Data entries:

====

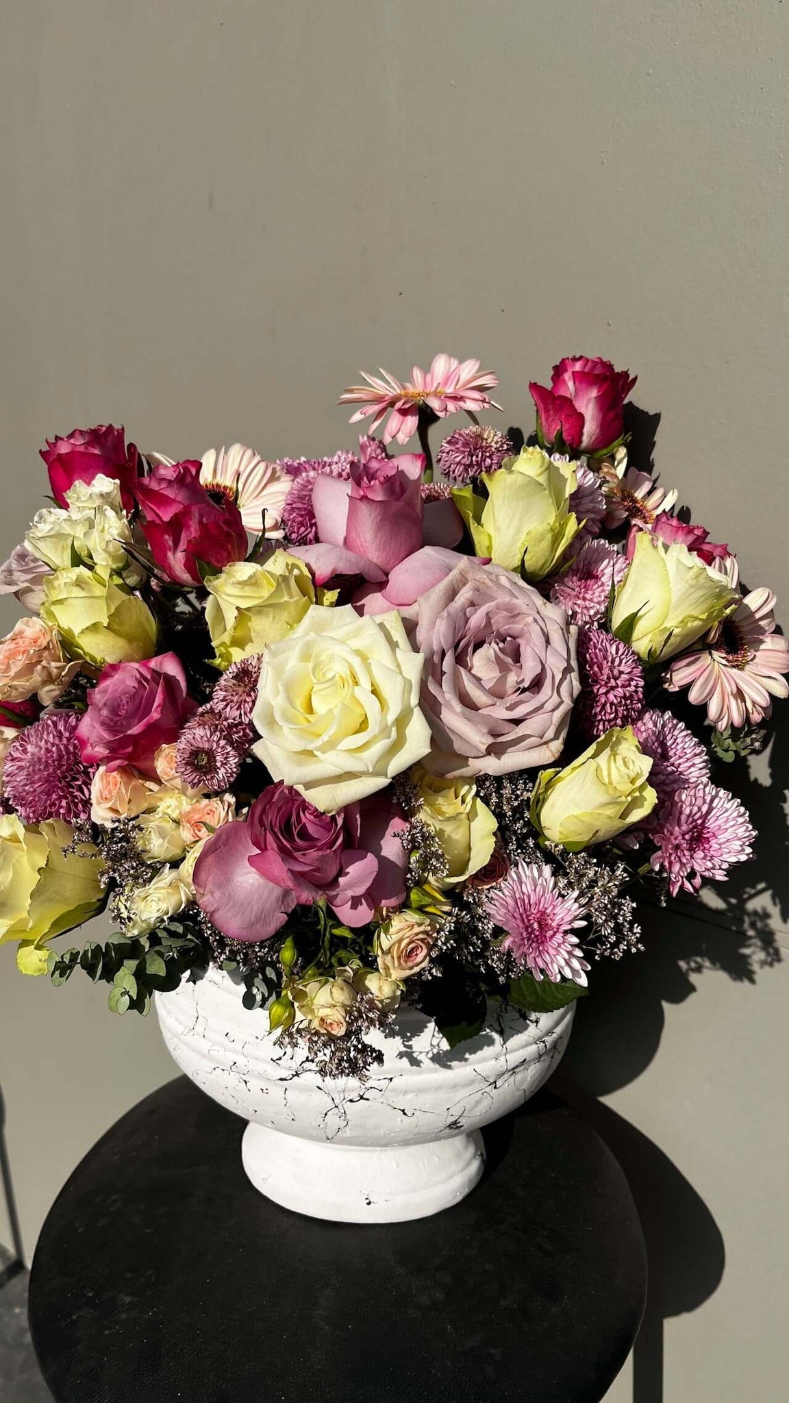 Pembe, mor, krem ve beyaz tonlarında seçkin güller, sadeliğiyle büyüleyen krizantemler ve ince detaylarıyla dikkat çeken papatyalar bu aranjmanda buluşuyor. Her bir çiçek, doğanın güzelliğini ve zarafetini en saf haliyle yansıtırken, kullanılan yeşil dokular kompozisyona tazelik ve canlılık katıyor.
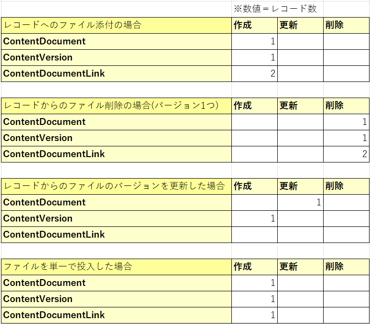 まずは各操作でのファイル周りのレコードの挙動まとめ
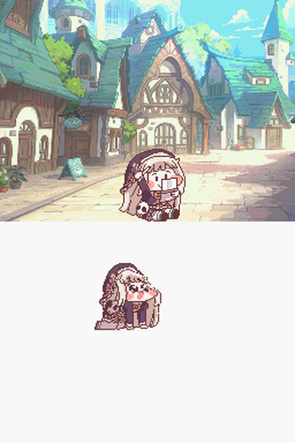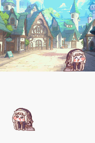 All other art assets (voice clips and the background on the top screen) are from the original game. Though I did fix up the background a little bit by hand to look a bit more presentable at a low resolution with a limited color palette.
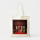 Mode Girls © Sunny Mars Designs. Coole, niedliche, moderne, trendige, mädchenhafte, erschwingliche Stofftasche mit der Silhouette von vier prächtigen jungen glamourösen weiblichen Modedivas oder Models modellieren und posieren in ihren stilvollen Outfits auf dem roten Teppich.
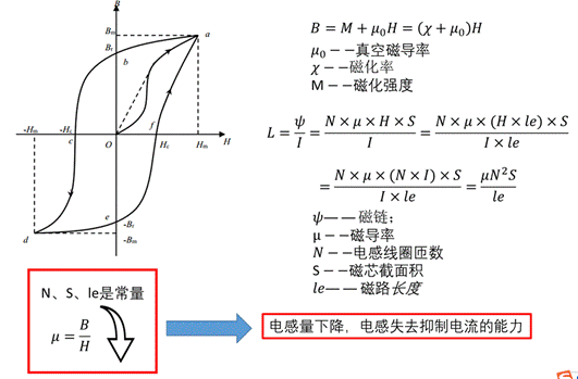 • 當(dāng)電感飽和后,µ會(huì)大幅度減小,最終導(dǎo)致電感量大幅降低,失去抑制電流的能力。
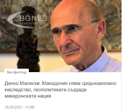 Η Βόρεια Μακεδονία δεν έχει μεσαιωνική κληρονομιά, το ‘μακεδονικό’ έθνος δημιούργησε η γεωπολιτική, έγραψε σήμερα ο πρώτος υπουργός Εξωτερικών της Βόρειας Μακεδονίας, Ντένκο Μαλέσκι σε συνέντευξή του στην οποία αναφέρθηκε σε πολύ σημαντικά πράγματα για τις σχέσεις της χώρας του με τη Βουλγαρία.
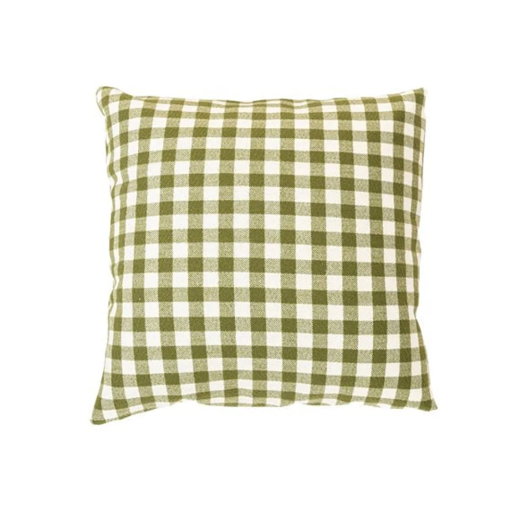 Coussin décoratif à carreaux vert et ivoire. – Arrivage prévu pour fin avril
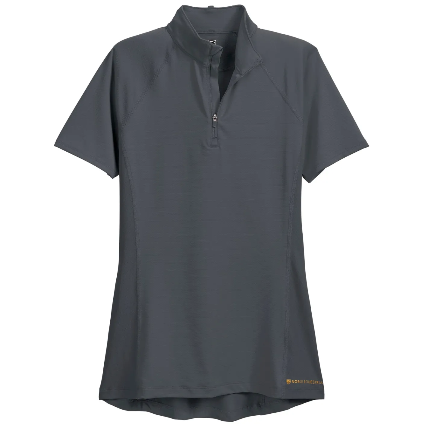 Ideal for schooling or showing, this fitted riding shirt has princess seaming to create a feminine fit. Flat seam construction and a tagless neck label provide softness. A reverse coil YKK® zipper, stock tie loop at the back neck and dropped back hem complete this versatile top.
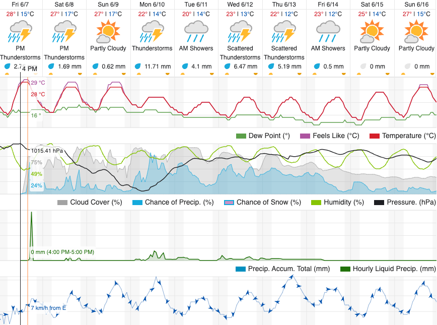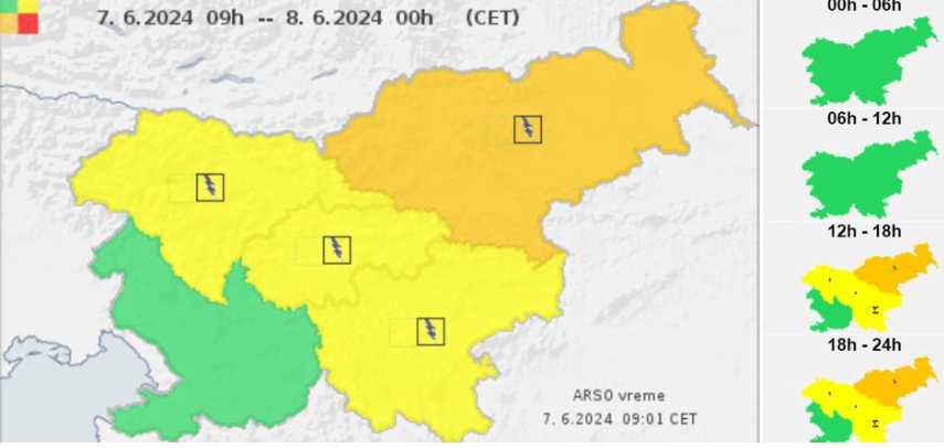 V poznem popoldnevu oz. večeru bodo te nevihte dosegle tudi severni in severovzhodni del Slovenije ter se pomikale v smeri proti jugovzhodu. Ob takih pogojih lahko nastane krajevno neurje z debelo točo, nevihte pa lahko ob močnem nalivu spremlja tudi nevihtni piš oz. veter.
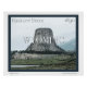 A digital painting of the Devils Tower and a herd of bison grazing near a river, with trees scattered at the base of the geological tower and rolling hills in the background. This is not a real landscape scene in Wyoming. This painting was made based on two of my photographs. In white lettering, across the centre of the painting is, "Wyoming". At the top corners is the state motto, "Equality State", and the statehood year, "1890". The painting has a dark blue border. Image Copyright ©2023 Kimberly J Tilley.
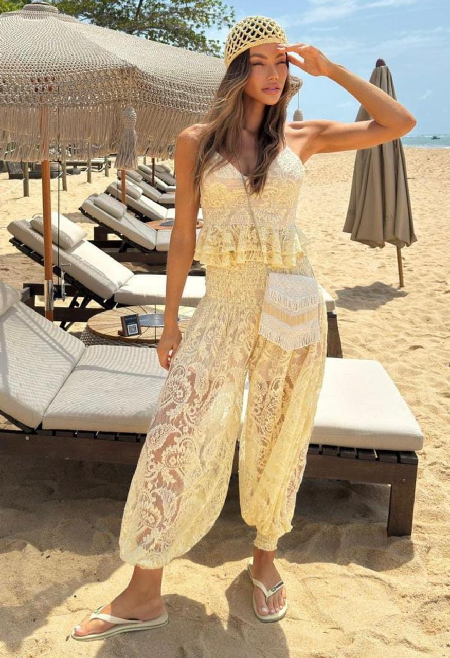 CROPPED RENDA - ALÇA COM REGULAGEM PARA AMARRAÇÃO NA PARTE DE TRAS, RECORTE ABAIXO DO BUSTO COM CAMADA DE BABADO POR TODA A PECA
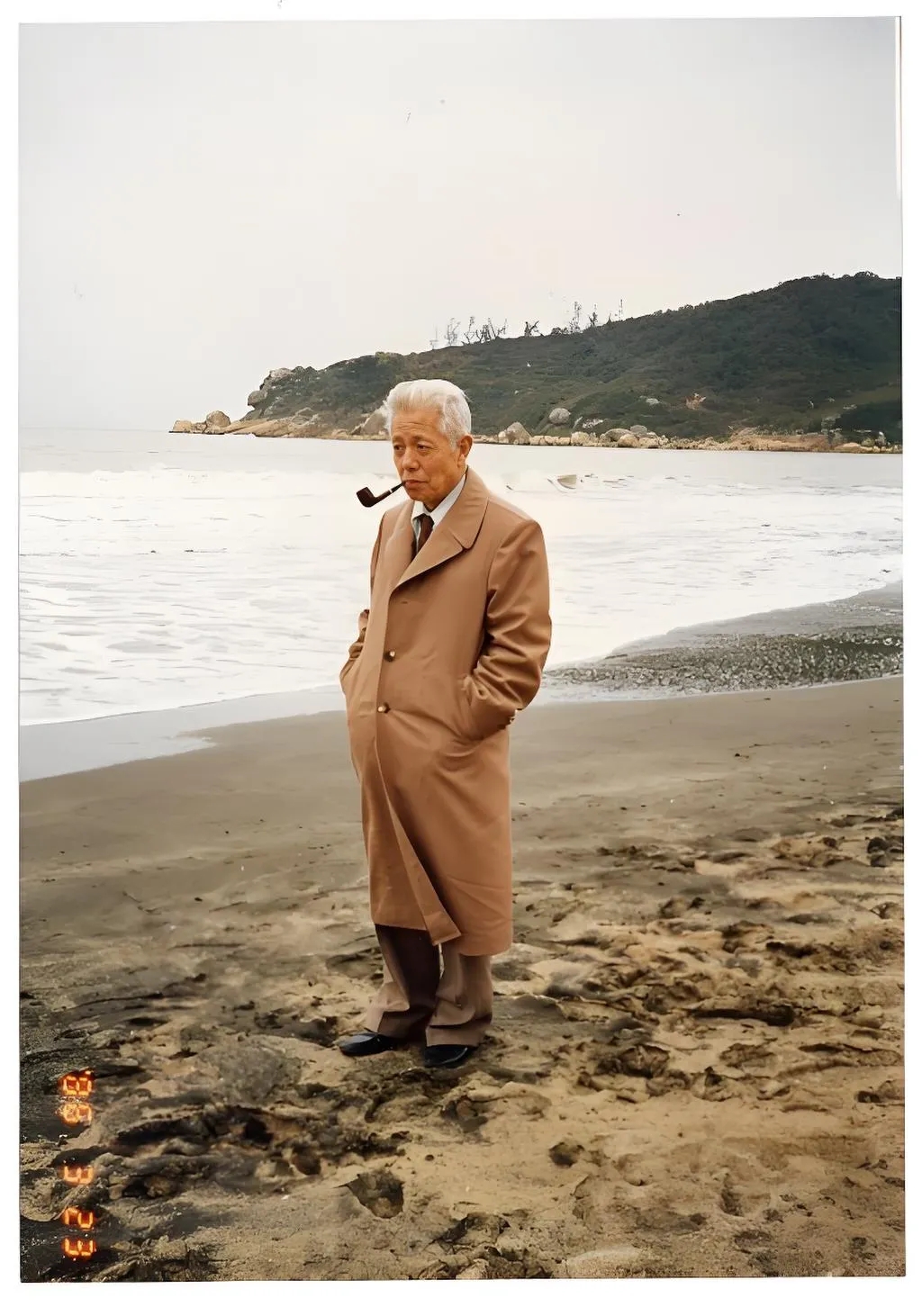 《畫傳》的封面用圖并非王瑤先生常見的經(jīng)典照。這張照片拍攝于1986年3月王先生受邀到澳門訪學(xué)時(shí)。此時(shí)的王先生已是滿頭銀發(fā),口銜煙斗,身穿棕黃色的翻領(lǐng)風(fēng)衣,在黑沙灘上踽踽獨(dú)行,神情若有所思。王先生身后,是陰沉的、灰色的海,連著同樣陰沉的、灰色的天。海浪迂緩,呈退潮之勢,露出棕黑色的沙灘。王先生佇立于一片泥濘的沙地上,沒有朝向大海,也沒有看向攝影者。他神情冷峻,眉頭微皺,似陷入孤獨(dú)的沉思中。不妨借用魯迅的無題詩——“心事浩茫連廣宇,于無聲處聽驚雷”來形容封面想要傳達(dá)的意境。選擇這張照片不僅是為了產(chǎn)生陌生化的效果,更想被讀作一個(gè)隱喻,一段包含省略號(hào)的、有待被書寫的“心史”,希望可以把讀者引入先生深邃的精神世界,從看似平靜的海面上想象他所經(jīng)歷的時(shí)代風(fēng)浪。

====

**Description of the task**
Each line of the records above must be repeated exactly, but no picture belongs in the copy.

**Solution to the problem**
 Pembe, mor, krem ve beyaz tonlarında seçkin güller, sadeliğiyle büyüleyen krizantemler ve ince detaylarıyla dikkat çeken papatyalar bu aranjmanda buluşuyor. Her bir çiçek, doğanın güzelliğini ve zarafetini en saf haliyle yansıtırken, kullanılan yeşil dokular kompozisyona tazelik ve canlılık katıyor.
 まずは各操作でのファイル周りのレコードの挙動まとめ
 All other art assets (voice clips and the background on the top screen) are from the original game. Though I did fix up the background a little bit by hand to look a bit more presentable at a low resolution with a limited color palette.
 Mode Girls © Sunny Mars Designs. Coole, niedliche, moderne, trendige, mädchenhafte, erschwingliche Stofftasche mit der Silhouette von vier prächtigen jungen glamourösen weiblichen Modedivas oder Models modellieren und posieren in ihren stilvollen Outfits auf dem roten Teppich.
 • 當(dāng)電感飽和后,µ會(huì)大幅度減小,最終導(dǎo)致電感量大幅降低,失去抑制電流的能力。
 Η Βόρεια Μακεδονία δεν έχει μεσαιωνική κληρονομιά, το ‘μακεδονικό’ έθνος δημιούργησε η γεωπολιτική, έγραψε σήμερα ο πρώτος υπουργός Εξωτερικών της Βόρειας Μακεδονίας, Ντένκο Μαλέσκι σε συνέντευξή του στην οποία αναφέρθηκε σε πολύ σημαντικά πράγματα για τις σχέσεις της χώρας του με τη Βουλγαρία.
 Coussin décoratif à carreaux vert et ivoire. – Arrivage prévu pour fin avril
 Ideal for schooling or showing, this fitted riding shirt has princess seaming to create a feminine fit. Flat seam construction and a tagless neck label provide softness. A reverse coil YKK® zipper, stock tie loop at the back neck and dropped back hem complete this versatile top.
 V poznem popoldnevu oz. večeru bodo te nevihte dosegle tudi severni in severovzhodni del Slovenije ter se pomikale v smeri proti jugovzhodu. Ob takih pogojih lahko nastane krajevno neurje z debelo točo, nevihte pa lahko ob močnem nalivu spremlja tudi nevihtni piš oz. veter.
 A digital painting of the Devils Tower and a herd of bison grazing near a river, with trees scattered at the base of the geological tower and rolling hills in the background. This is not a real landscape scene in Wyoming. This painting was made based on two of my photographs. In white lettering, across the centre of the painting is, "Wyoming". At the top corners is the state motto, "Equality State", and the statehood year, "1890". The painting has a dark blue border. Image Copyright ©2023 Kimberly J Tilley.
 CROPPED RENDA - ALÇA COM REGULAGEM PARA AMARRAÇÃO NA PARTE DE TRAS, RECORTE ABAIXO DO BUSTO COM CAMADA DE BABADO POR TODA A PECA
 《畫傳》的封面用圖并非王瑤先生常見的經(jīng)典照。這張照片拍攝于1986年3月王先生受邀到澳門訪學(xué)時(shí)。此時(shí)的王先生已是滿頭銀發(fā),口銜煙斗,身穿棕黃色的翻領(lǐng)風(fēng)衣,在黑沙灘上踽踽獨(dú)行,神情若有所思。王先生身后,是陰沉的、灰色的海,連著同樣陰沉的、灰色的天。海浪迂緩,呈退潮之勢,露出棕黑色的沙灘。王先生佇立于一片泥濘的沙地上,沒有朝向大海,也沒有看向攝影者。他神情冷峻,眉頭微皺,似陷入孤獨(dú)的沉思中。不妨借用魯迅的無題詩——“心事浩茫連廣宇,于無聲處聽驚雷”來形容封面想要傳達(dá)的意境。選擇這張照片不僅是為了產(chǎn)生陌生化的效果,更想被讀作一個(gè)隱喻,一段包含省略號(hào)的、有待被書寫的“心史”,希望可以把讀者引入先生深邃的精神世界,從看似平靜的海面上想象他所經(jīng)歷的時(shí)代風(fēng)浪。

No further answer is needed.